R495-820-8. DHS IRB Reviews  

  (1) DHS IRB reviews may be expedited in accordance with 45 CFR 46.110, in which case the division gatekeeper, alone or in consultation with the DHS IRB chair, may find research to be exempt, may defer a decision, grant conditional approval, or grant final approval of the research.

  (2) Mandatory review by a convened quorum of the DHS IRB is required for the following:

  (a) Research involving any interaction or intervention as defined in 45 CFR 46.102 with minors.

  (b) Research involving any interaction or intervention as defined in 45 CFR 46.102 with vulnerable adults.

  (c) Research involving prisoners or detainees.

  (d) Research that is greater than minimal risk.

  (e) Research involving the use of pharmaceuticals or biomedical devices.

  (3) The DHS IRB meets on a monthly basis to review proposed research.

  (4) The determinations of the DHS IRB will be submitted to the researcher in writing and may include the following:

  (a) Final Approval for a timeframe not to exceed 12 months.

  (b) Conditional Approval, including conditions that must be met to get final approval.

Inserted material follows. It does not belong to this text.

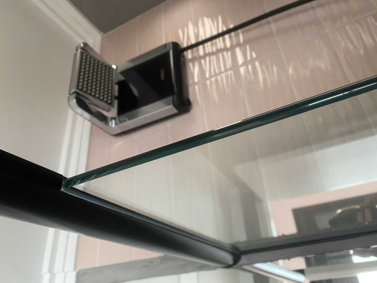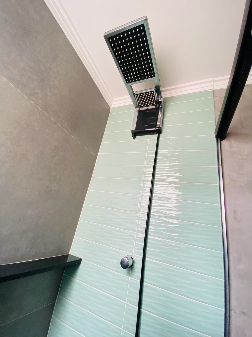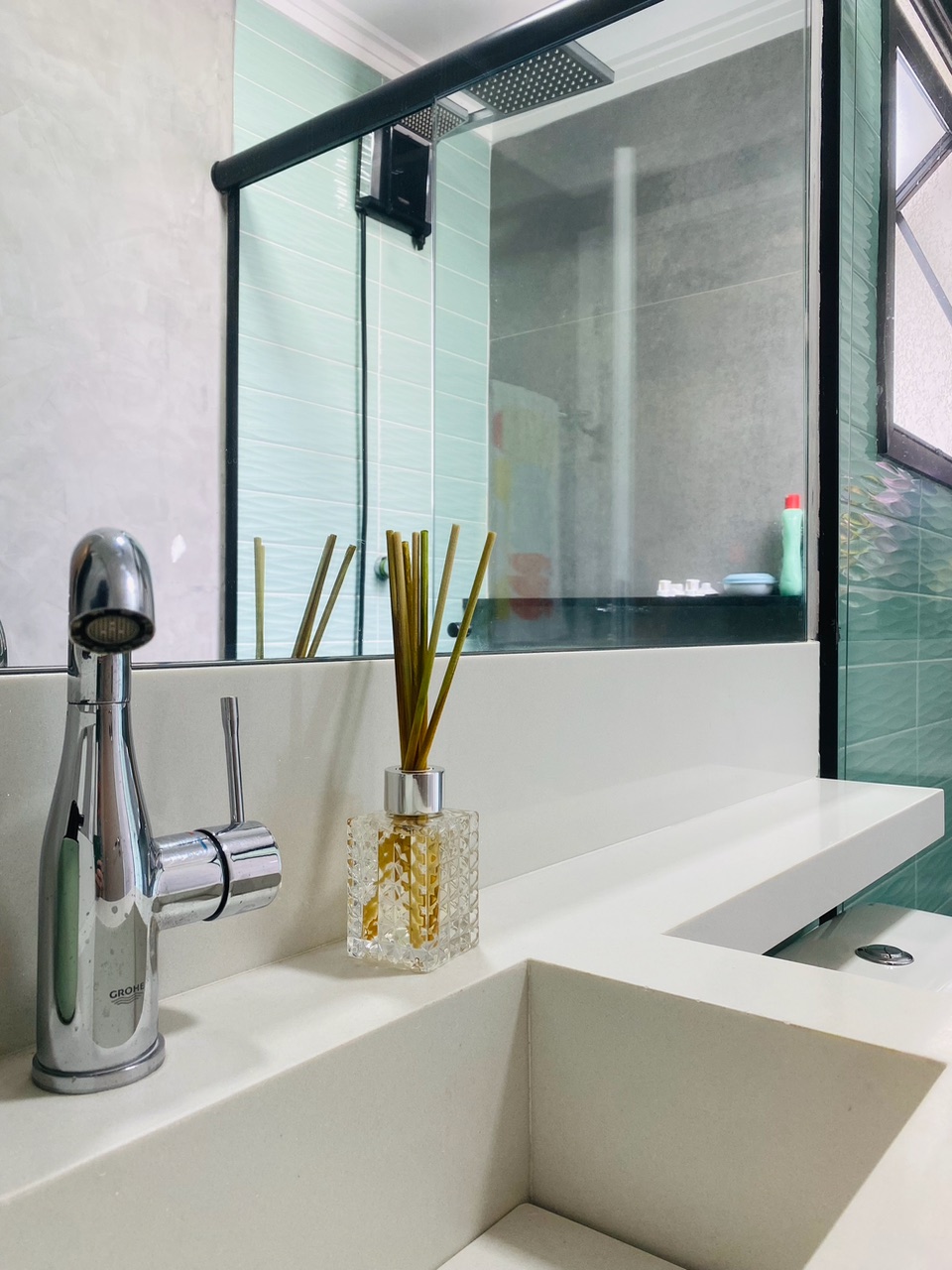 Todos os banheiros com Pias esculpidas no Silestone Branco e Torneiras Alemãs da marca Grohe com misturadores de água quente e fria, Chuveiros Lorenzetti Acqua Duo e Acqua Ultra, Gabinetes em MDF, Box de Vidro nos 3 Banheiros, Escada em Granito na Pedra São Gabriel preta como parapeito de Vidro 8mm.

  (c) Deferred decision including the information that will be needed in order to complete the review.

  (d) Disapproval, including reasons for the disapproval.

  (e) Exempt from DHS IRB review

  (5) DHS IRB review may make recommendations on research methodology that is unlikely to yield clear results.

  (6) In accordance with 45 CFR 46.109 it is the IRB that has authority to approve, require modifications to, or disapprove research. As stated in 45 CFR 46.112 agency officials may not approve research that has not been approved by the IRB. Researchers who disagree with the IRB determination may submit a revised protocol to address the IRB concerns or ask to meet with the IRB for further discussion.